Waring predicts that another future application of binding kinetics will be in developing drugs where shorter durations of action are desirable. For example, in the cancer field, short-acting compounds could give more flexibility in modulating the duration of the pharmacodynamic effects making it easier to manage the efficacy versus toxicity profile of compounds. “If you want a short-acting compound, you wouldn’t want a very slow off-rate, as you won’t be able to control the duration of effect as easily by dose scheduling. So, it might be that in certain cases, reasonably rapid dissociation is desirable. In future, perhaps we’ll be able to use binding kinetics to help us better design drugs with different kinetic properties depending on which mechanism is being targeted and what the likely side effects might be.”

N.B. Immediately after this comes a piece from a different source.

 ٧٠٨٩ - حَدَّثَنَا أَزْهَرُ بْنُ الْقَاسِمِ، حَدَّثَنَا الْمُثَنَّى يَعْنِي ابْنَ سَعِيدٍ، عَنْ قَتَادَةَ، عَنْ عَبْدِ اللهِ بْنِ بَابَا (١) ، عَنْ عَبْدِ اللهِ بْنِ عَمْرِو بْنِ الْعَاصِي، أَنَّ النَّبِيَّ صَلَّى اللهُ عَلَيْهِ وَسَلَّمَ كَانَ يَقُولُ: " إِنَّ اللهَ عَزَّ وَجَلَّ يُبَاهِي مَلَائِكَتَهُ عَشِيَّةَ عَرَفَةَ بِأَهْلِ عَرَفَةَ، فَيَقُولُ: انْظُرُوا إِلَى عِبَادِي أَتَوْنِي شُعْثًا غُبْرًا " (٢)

1. Swinney, D. (2004) Biochemical mechanisms of drug action: what does it take for success? Nat Rev Drug Discov. 3: 801–808
2. Swinney, D. (2006) Can binding kinetics translate to a clinically differentiated drug? From theory to practice. Letters Drug Design Discov. 3: 569–574
3. Swinney, D. (2008) Applications of binding kinetics to drug discovery. Pharm Med. 22: 23-34
4. Swinney, D. (2009) The role of binding kinetics in therapeutically useful drug action. Curr Opin Drug Discov Devel. 12: 31-9
5. Schuetz, DA, et al. (2017) Kinetics for Drug Discovery: an industry-driven effort to target drug residence time. Drug Discov Today 22: 896-911
6. Dahl, G and Akerud, T. (2013) Pharmacokinetics and the drug–target residence time concept. Drug Discov Today. 18: 697-707
7. Folmer, R. (2018) Drug target residence time: a misleading concept. Drug Discov Today. 23: 12-16
8. Sykes, DA et al. (2017) Extrapyramidal side effects of antipsychotics are linked to their association kinetics at dopamine D2 receptors. Nat. Commun. 8: 763. doi: 10.1038/s41467-017-00716-z.